Lower down are entries containing pictures. Copy exactly, without those pictures, the lines from the line with "Sophisticated Parisian room" through the line with "Also, an article".

* [Records supplied]
- - - - - - -
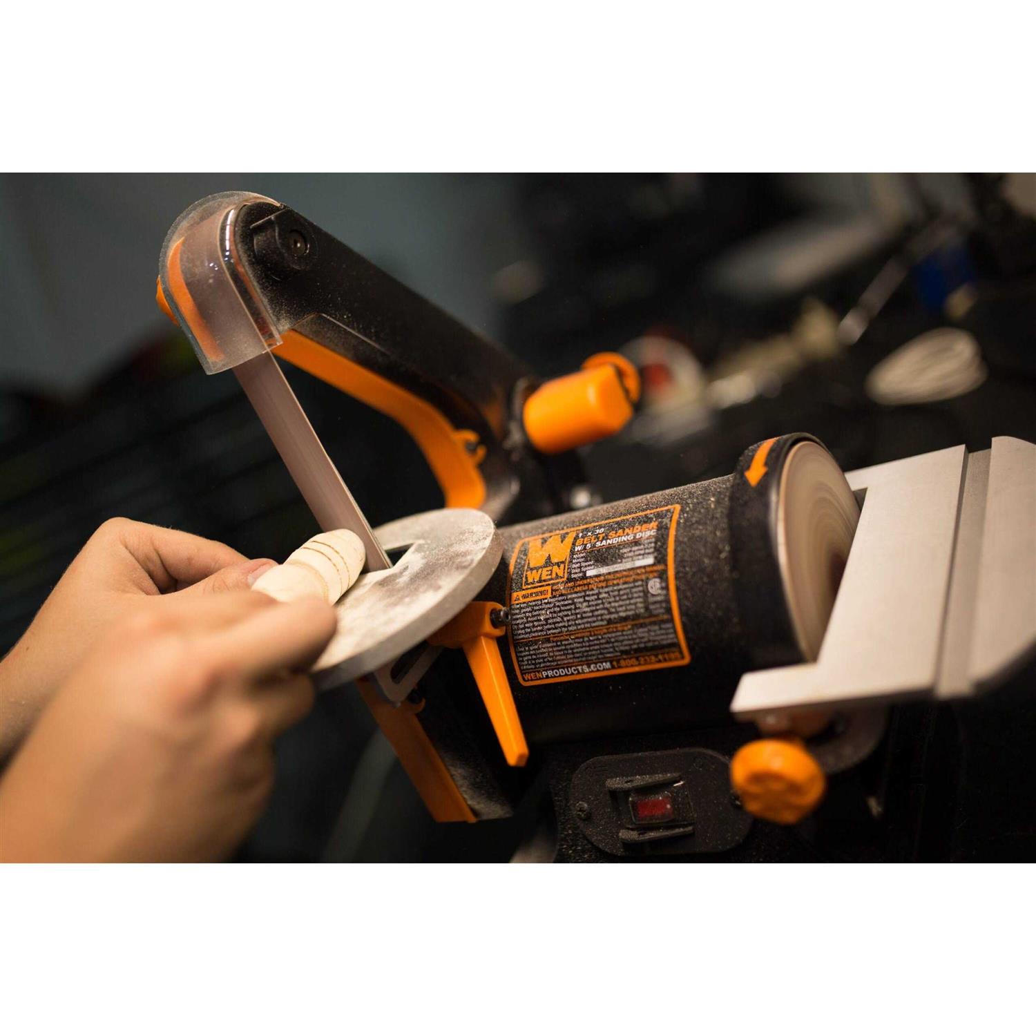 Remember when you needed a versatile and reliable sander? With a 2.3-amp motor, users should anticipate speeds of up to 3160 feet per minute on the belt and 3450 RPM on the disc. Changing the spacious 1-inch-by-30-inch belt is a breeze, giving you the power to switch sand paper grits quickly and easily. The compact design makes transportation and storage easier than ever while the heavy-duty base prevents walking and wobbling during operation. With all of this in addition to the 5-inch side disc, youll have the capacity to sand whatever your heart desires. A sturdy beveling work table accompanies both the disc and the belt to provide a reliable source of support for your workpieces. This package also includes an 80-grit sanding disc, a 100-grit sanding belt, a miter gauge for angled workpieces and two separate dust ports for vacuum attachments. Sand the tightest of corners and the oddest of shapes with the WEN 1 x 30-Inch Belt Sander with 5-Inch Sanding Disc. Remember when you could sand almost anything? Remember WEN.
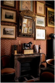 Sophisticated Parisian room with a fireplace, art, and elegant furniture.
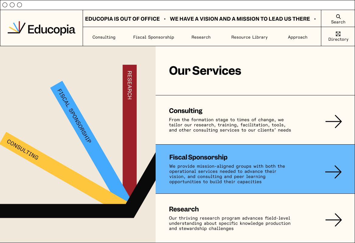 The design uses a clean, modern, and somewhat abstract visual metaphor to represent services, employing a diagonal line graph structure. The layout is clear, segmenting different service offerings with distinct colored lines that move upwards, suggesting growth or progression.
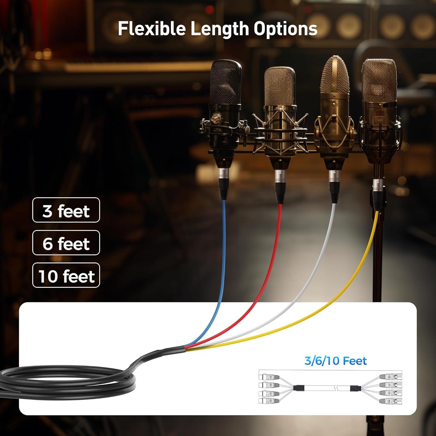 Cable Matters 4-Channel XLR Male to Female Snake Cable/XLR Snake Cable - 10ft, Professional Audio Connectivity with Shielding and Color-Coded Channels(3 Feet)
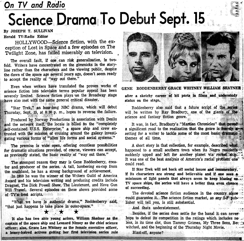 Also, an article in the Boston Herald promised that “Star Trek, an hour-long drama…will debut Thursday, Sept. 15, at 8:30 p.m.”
- - - - - - -
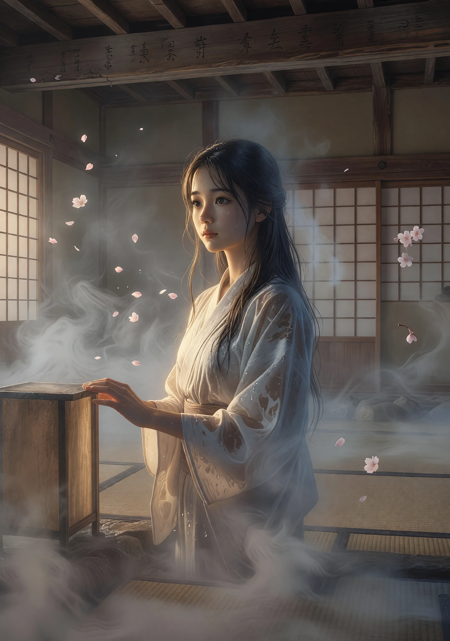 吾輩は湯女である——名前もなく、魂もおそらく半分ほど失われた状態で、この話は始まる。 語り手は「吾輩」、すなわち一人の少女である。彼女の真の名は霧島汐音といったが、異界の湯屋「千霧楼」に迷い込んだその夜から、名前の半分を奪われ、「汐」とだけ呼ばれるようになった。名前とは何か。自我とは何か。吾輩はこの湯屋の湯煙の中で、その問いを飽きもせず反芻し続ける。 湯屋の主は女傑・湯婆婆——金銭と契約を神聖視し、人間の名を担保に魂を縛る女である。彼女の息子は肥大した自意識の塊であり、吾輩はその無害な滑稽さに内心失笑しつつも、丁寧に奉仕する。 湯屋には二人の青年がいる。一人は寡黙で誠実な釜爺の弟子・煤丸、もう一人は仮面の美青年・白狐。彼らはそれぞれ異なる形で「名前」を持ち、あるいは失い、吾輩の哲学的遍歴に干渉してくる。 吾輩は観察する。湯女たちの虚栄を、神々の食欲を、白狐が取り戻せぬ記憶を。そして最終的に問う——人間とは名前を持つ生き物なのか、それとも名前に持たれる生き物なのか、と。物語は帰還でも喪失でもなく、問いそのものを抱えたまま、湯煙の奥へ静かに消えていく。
- - - - - - -
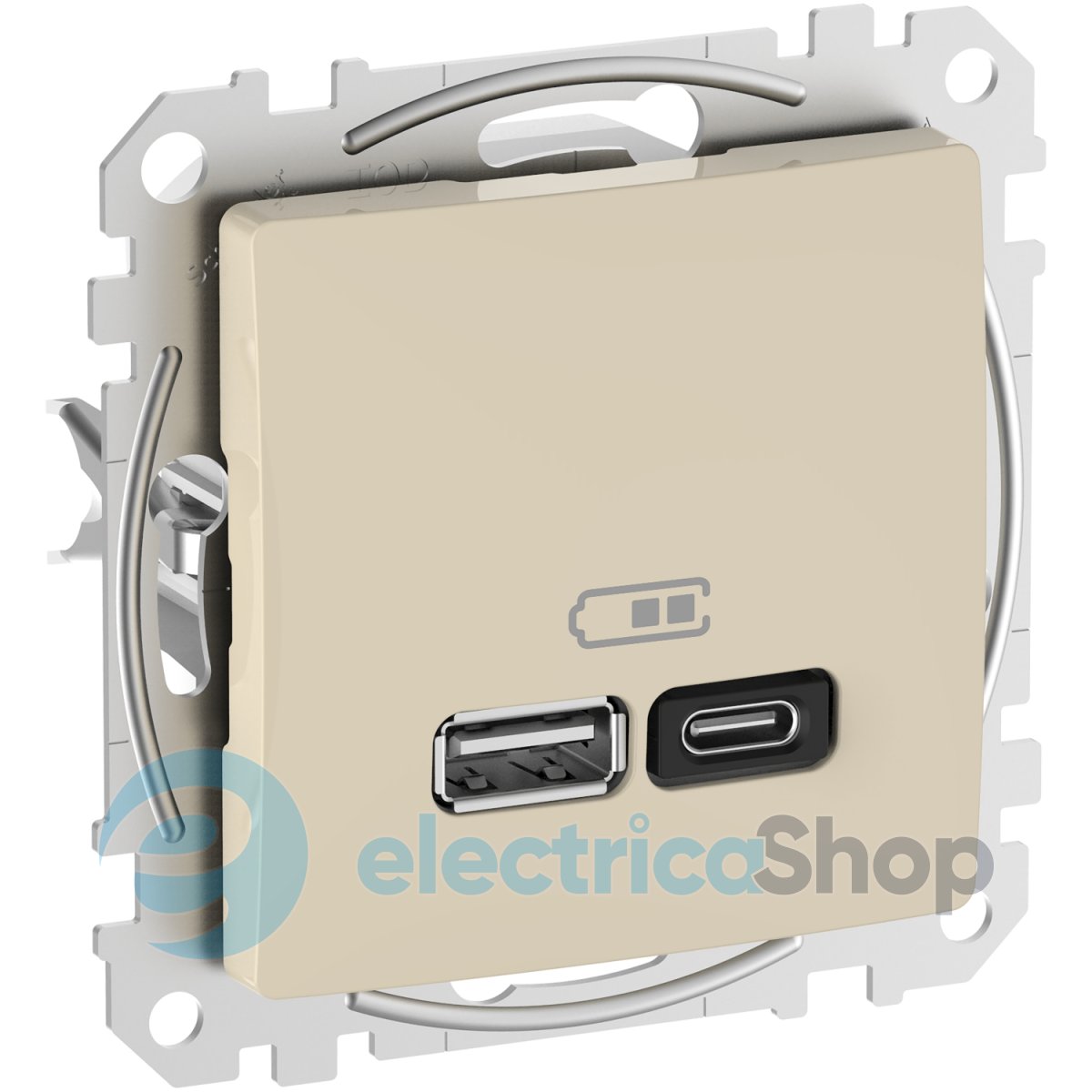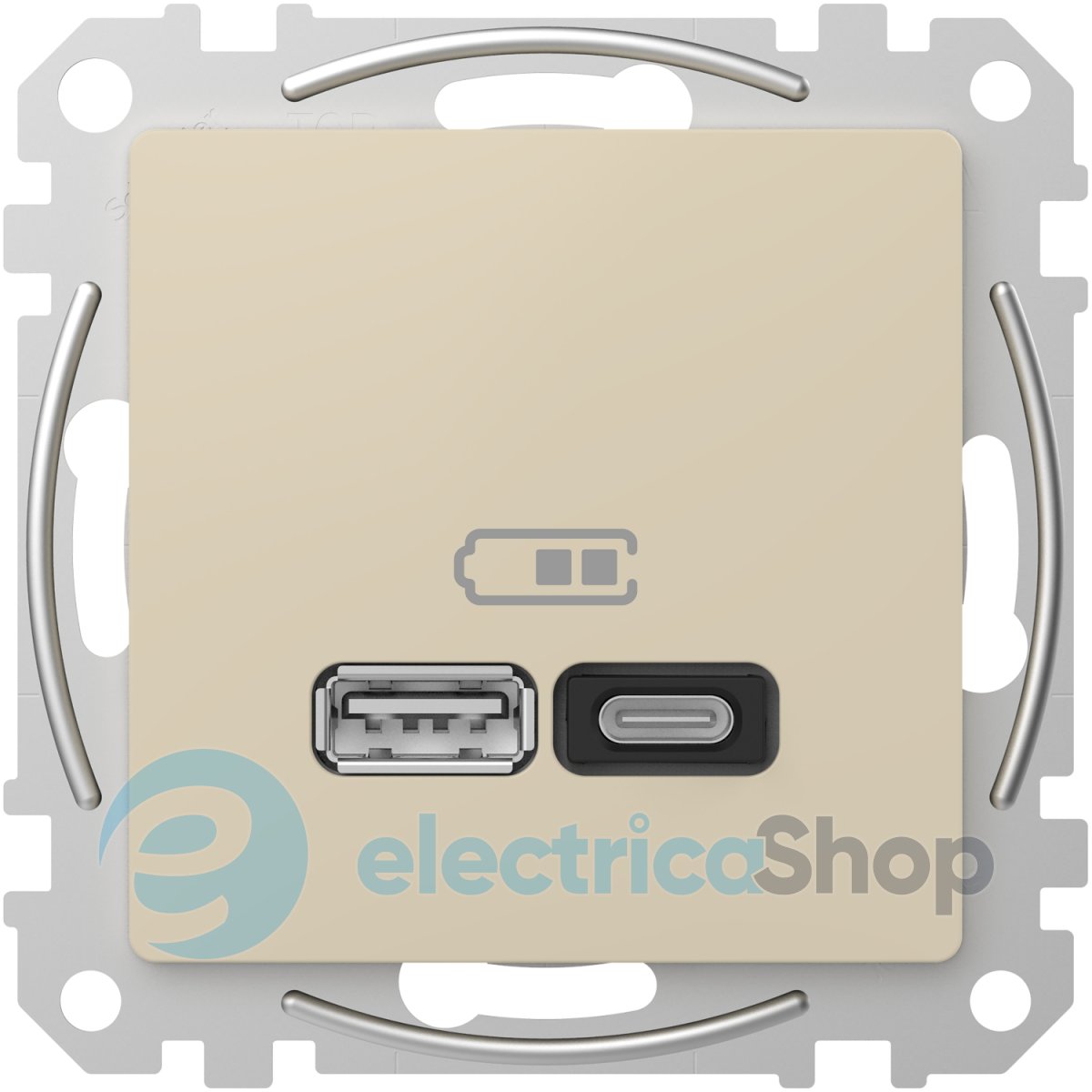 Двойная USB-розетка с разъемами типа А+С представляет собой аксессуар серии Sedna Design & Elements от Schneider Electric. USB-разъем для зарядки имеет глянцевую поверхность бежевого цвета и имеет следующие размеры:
- - - - - - -
* [Task result]
 Sophisticated Parisian room with a fireplace, art, and elegant furniture.
 The design uses a clean, modern, and somewhat abstract visual metaphor to represent services, employing a diagonal line graph structure. The layout is clear, segmenting different service offerings with distinct colored lines that move upwards, suggesting growth or progression.
 Cable Matters 4-Channel XLR Male to Female Snake Cable/XLR Snake Cable - 10ft, Professional Audio Connectivity with Shielding and Color-Coded Channels(3 Feet)
 Also, an article in the Boston Herald promised that “Star Trek, an hour-long drama…will debut Thursday, Sept. 15, at 8:30 p.m.”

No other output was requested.